+++ Given records +++

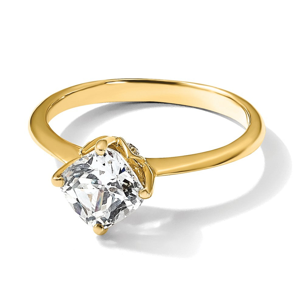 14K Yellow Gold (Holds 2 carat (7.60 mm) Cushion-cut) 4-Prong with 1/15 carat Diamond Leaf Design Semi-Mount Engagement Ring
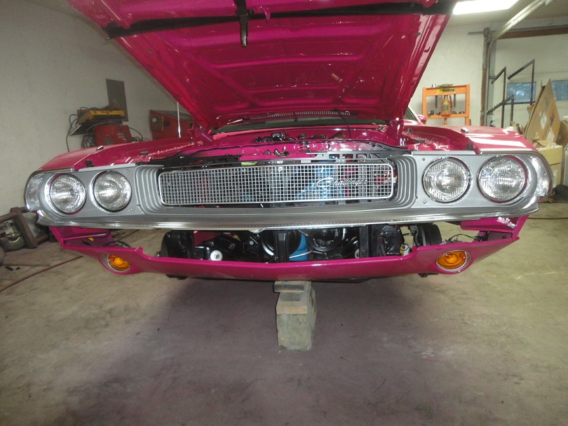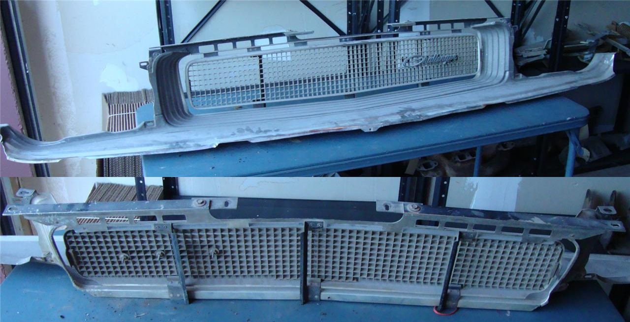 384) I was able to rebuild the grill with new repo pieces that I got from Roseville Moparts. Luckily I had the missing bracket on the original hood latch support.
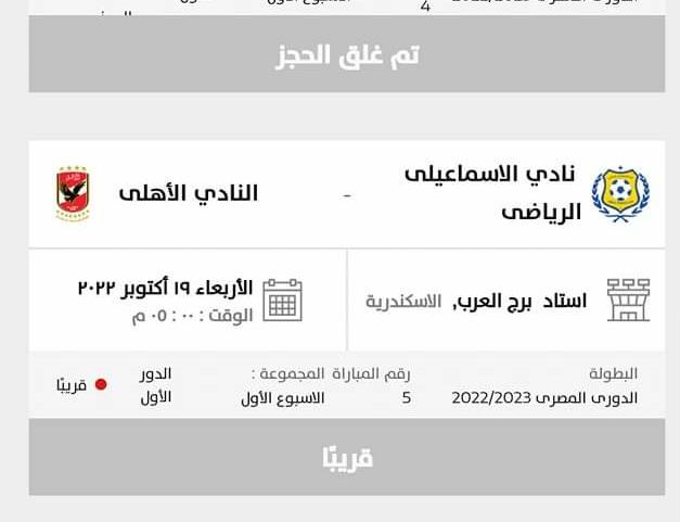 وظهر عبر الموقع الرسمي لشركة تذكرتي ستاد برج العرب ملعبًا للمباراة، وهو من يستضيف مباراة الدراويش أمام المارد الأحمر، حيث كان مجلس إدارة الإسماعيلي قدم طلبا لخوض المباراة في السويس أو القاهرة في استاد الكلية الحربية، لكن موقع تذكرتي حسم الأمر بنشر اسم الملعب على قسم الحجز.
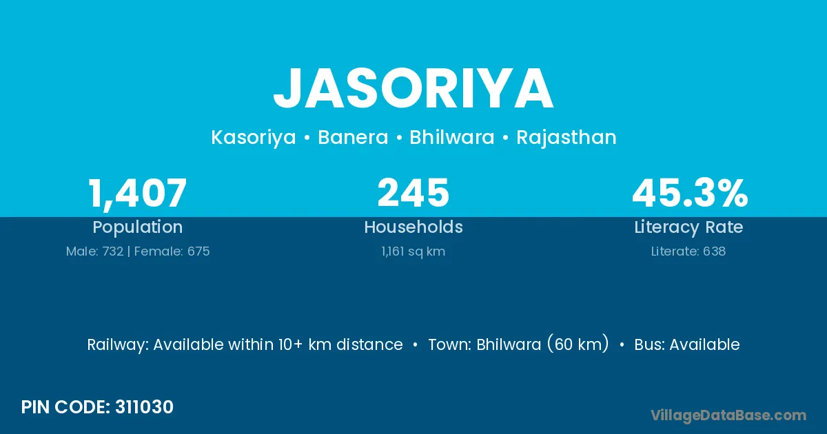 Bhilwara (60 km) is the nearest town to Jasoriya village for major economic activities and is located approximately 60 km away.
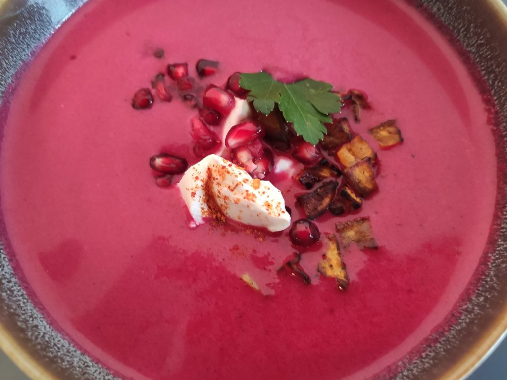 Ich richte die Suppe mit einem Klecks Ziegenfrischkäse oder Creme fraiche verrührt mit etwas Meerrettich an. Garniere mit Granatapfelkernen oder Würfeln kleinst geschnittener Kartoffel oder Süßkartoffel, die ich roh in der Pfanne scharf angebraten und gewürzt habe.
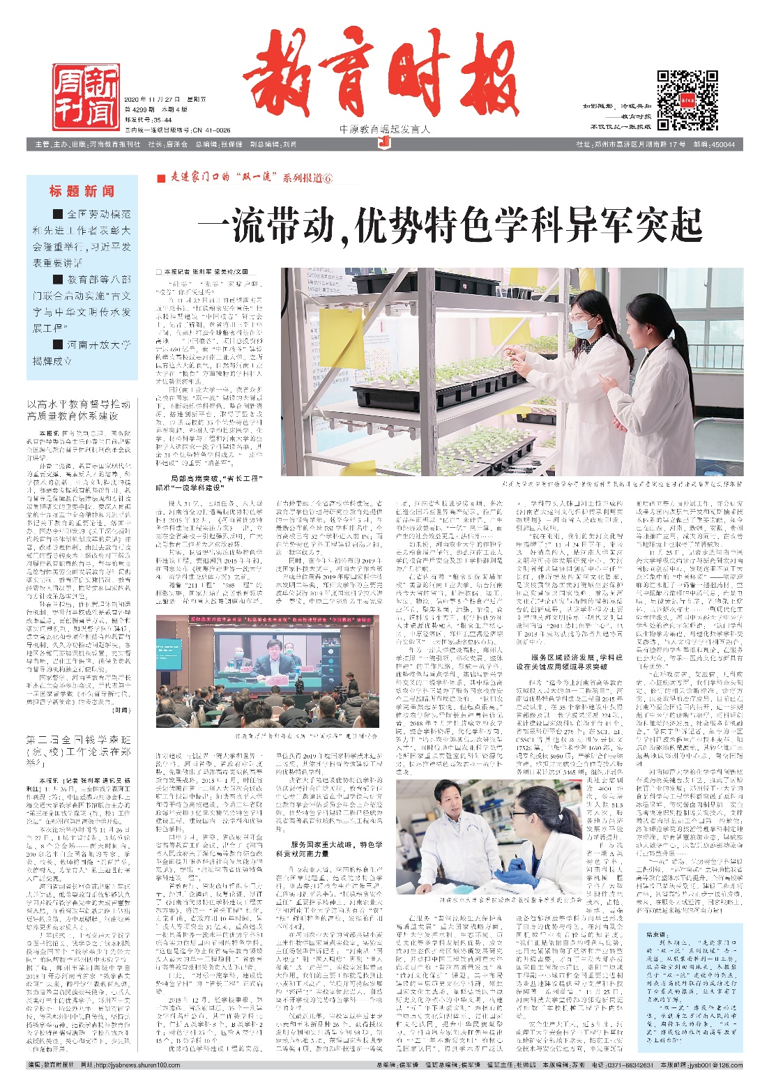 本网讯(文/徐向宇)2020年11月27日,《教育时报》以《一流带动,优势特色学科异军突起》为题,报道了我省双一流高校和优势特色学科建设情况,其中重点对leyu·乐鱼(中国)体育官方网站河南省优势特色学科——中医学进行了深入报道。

+++

● **Task goal**:
Would you retype every record above exactly, leaving out the pictures?

● **Written response**:
 14K Yellow Gold (Holds 2 carat (7.60 mm) Cushion-cut) 4-Prong with 1/15 carat Diamond Leaf Design Semi-Mount Engagement Ring
 384) I was able to rebuild the grill with new repo pieces that I got from Roseville Moparts. Luckily I had the missing bracket on the original hood latch support.
 وظهر عبر الموقع الرسمي لشركة تذكرتي ستاد برج العرب ملعبًا للمباراة، وهو من يستضيف مباراة الدراويش أمام المارد الأحمر، حيث كان مجلس إدارة الإسماعيلي قدم طلبا لخوض المباراة في السويس أو القاهرة في استاد الكلية الحربية، لكن موقع تذكرتي حسم الأمر بنشر اسم الملعب على قسم الحجز.
 Bhilwara (60 km) is the nearest town to Jasoriya village for major economic activities and is located approximately 60 km away.
 Ich richte die Suppe mit einem Klecks Ziegenfrischkäse oder Creme fraiche verrührt mit etwas Meerrettich an. Garniere mit Granatapfelkernen oder Würfeln kleinst geschnittener Kartoffel oder Süßkartoffel, die ich roh in der Pfanne scharf angebraten und gewürzt habe.
 本网讯(文/徐向宇)2020年11月27日,《教育时报》以《一流带动,优势特色学科异军突起》为题,报道了我省双一流高校和优势特色学科建设情况,其中重点对leyu·乐鱼(中国)体育官方网站河南省优势特色学科——中医学进行了深入报道。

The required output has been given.